# How to align tailstock to grind for reconditioning



## Cadillac (Aug 19, 2018)

Recently I acquired a Chinese made universal tool and cutter grinder. Machine is brand new and came with a lot of accessories which was why I got it. Finally got around to fully disassemble clean,debur,oil,and reassemble. Then the learning curve of how to setup and use. Which might take a lifetime
I mounted the centers on the table about 6" apart and tightened. Centers are built just like a typical tailstock. Base is keyed to the table. Slot on top base is slotted for upper tailstock piece which has a corresponding male with adjustment screws on each side to get adjust side to side and a lock screw. Once aligned tighten screw that holds to table should be done. Well my centers height did not align. They are .022 off. Wtf! I'm no expert but I would think they should be exact for precision. Whats baffling is matting surfaces of tailstock are all scrapped. So I decided to blue up the parts and see what they say. 

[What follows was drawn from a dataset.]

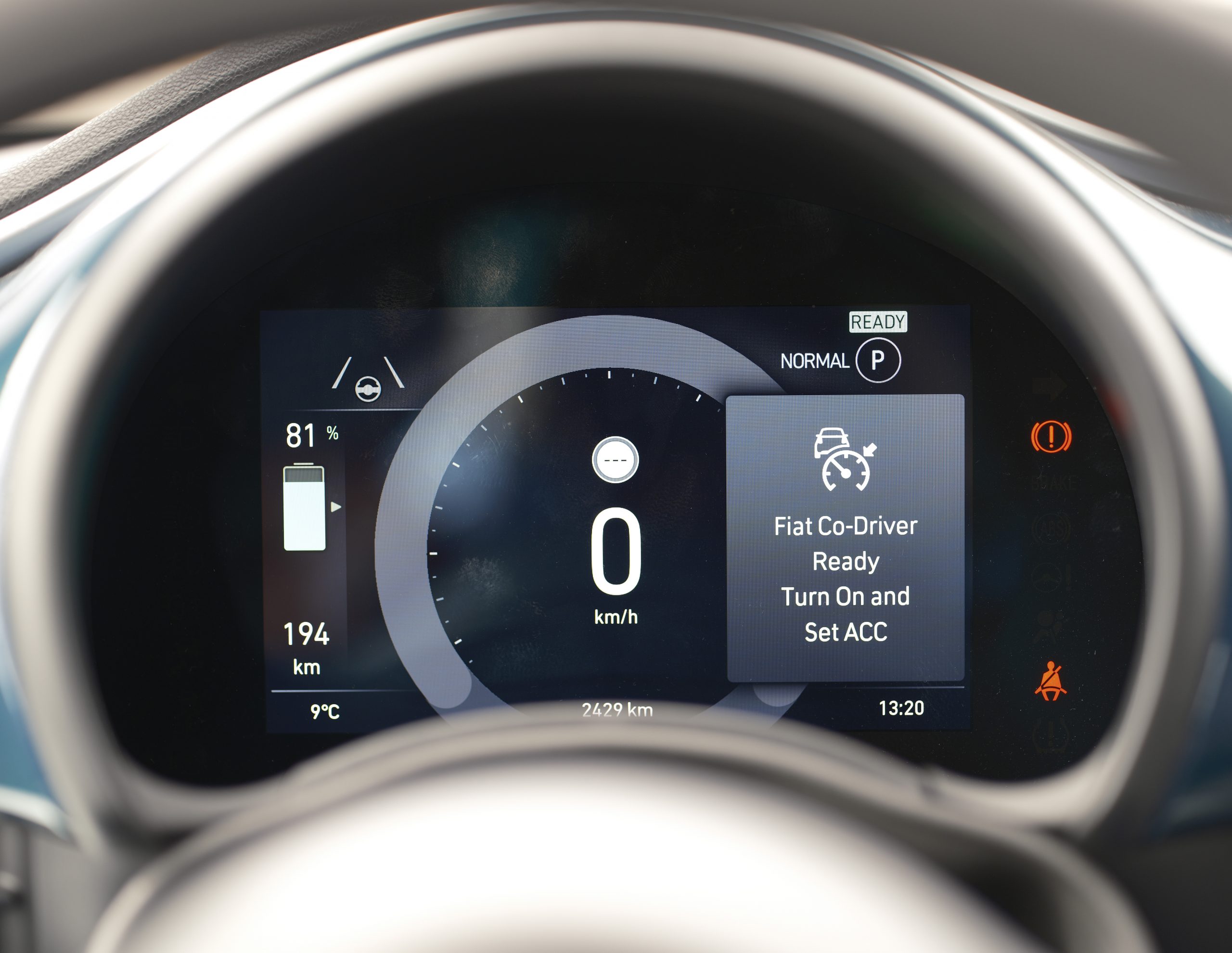När man satt sig tillrätta bakom ratten i konstläder stirrar man på två skärmar. En mitt framför föraren och – om man har valt Icon-utrustningspaket – en 10,25-tums pekskärm mitt på instrumentpanelen. Cinerama Infotainment kallar Fiat det och kan bäst beskrivas som ett omfattande paket med navigering, 360-kamera, DAB-radio, Apple Carplay och Android Auto, programmering av laddningssekvenser, röststyrning (Alexa om man kopplar upp My WiFi i bilen) och en inställningsmeny för strålkastare, låsning och mycket mer.

Holy cow like said I'm no expert but maybe three or four contact points on a 3x4 base?? Top of base where tailstock slides on was barely touching and on the inside edge only barely.  So I decided it would go through and make these centers align the best I can. My plan is to surface grind all the matting parts and then scrape as necessary. My main question is how to align the tailstock base to grind the bottom of base. When every surface is curved or uneven. The only way I have come up with is extending the quill on tailstock and take my measurements from there. The problem is that won't tell me if the base is tiled side to side. I planned on having the quill .0002 high when extended for deflection and wear. But I can figure out how to make sure the base is parrallel to the table. When measured each ear of base slides were different height and tilt. So how can I trust the bottom of the tailstock base. I tried putting a gauge block on surface and level with a .0001 gauge mounted to spindle then to the same to other surface and difference was maxing my gauge so I didn't trust that method of aligning.

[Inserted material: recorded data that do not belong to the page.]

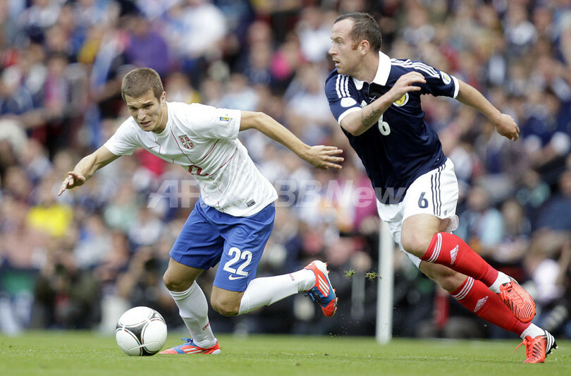 スコットランドのチャーリー・アダム(Charlie Adam、右)のタックルを受けるセルビアのダルコ・ラゾビッチ(Darko Lazovic、左、2012年9月9日撮影)。(c)AFP/GRAHAM STUART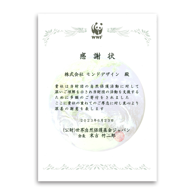 2007年からWWFジャパン(公益財団法人世界自然保護基金ジャパン)にSEAL製品売り上げの1%を寄付しています。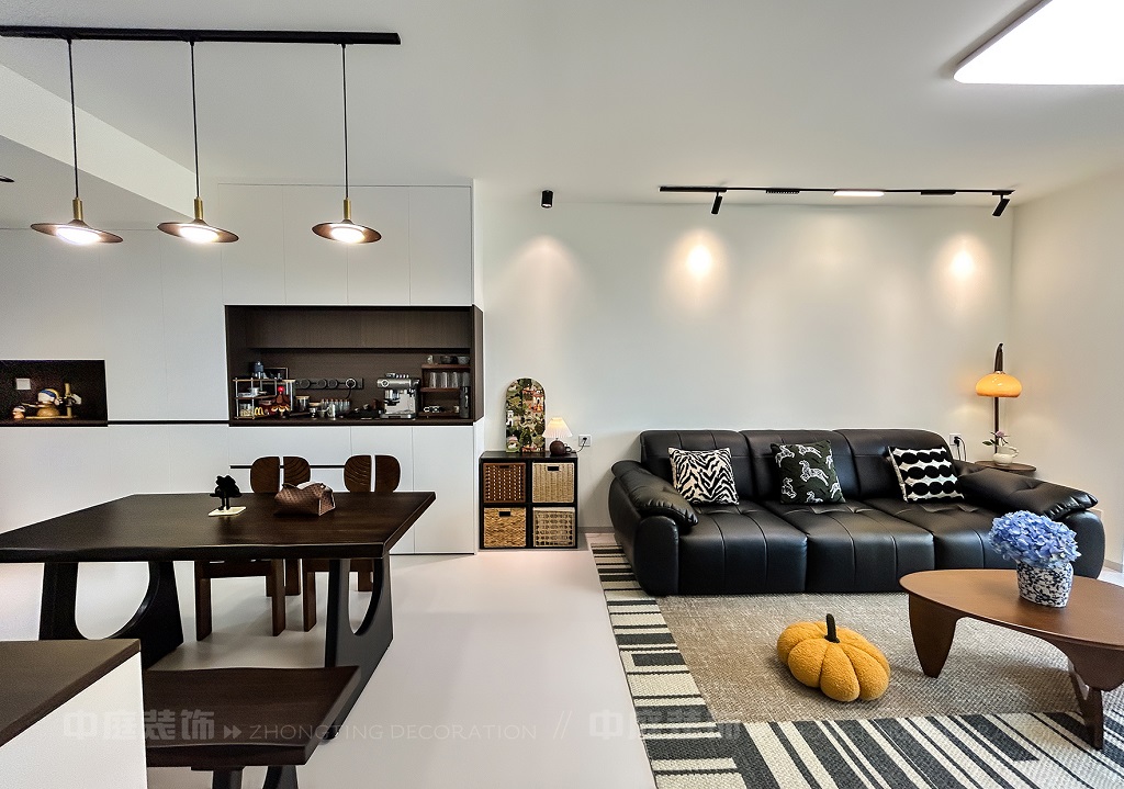 瀏覽量:72這套房從普通居所蛻變?yōu)槎际携熡鷪觯筒蛷d以黑白棕營造高級松弛感,咖啡角、藝術(shù)畫、游戲區(qū)藏著主人對生活的熱愛,餐廚煙火與雅致共生,每處角落的陳設(shè)都是靈魂的妥帖安放,是裝滿故事與溫度的私屬堡壘。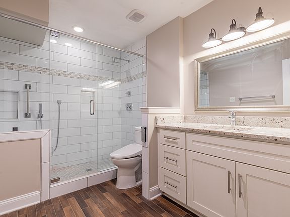 Beautiful hardwood floors and granite countertops enhance the interior's elegance.

So the question is how to check the tilt "side to side" of the base. Not the length of quill I think I've got that. Unless that's wrong too?  Any input appreciated thanks.


----------



## Cadillac (Aug 19, 2018)

One thing that I’ve done so far is grind both bases the same thickness. I did it in multiple flips and used the thinner one as my final measurement. Because they were way off from each other. Like .012 and there was like .009 difference on one of the ears like .009 from each one on same block front to back. It was kind of a challenge to pick a plain to start from. But they are parallel and the same now. I just need to figure out that bottom of the tailstock base


----------



## Richard King 2 (Aug 19, 2018)

Remove the quill and make a test bar that slides through the casting and extends out about 3 inches on both sides then set that on 2 Vee blocks and block around it like you did.  say .001" smaller ( who knows if the bore is the same size) Then grind the bottom side.   If your careful measure the side of the bar and then kiss the key or key slot.  Then the bottom will be parallel to the bore in both directions.  

 Then take the lousy scraped side and either scrape or file the spots there so you can set it on your granite and it doesn't rock.  You should be able to tap on the opposite side of the crappy side you filed.  tap it with a dead blow hammer and the sound should be the same sound a thud sound at all 4 corners.  then set that on your grinder and kiss the other side and once it is cleaned up 90% flip it over and kiss the crappy side.

I can send you more info on scraping as I am getting finger cramps typing now.  Oh an by the way that is not "scraping"  it's camo to fool people into thinking it is scraped.  Rich


----------



## Bob Korves (Aug 19, 2018)

Richard King 2 said:


> I can send you more info on scraping as I am getting finger cramps typing now. Oh an by the way that is not "scraping" it's camo to fool people into thinking it is scraped. Rich


Amen to that!  It is nothing but decoration...


----------



## Cadillac (Aug 19, 2018)

Yeah I’ve seen the decorating before. Why the heck wouldn’t they just grind and leave it? Are they just Scraping the raw casting for semi flat and appearance and that’s it. 
 Can all the surfaces be just ground. These surfaces arnt sliding on each other. I was thinking it might do?? I do know after grinding the bottom pieces they have a nice vacuum when lifting off the surface plate.


----------



## Bob Korves (Aug 19, 2018)

Cadillac said:


> Why the heck wouldn’t they just grind and leave it?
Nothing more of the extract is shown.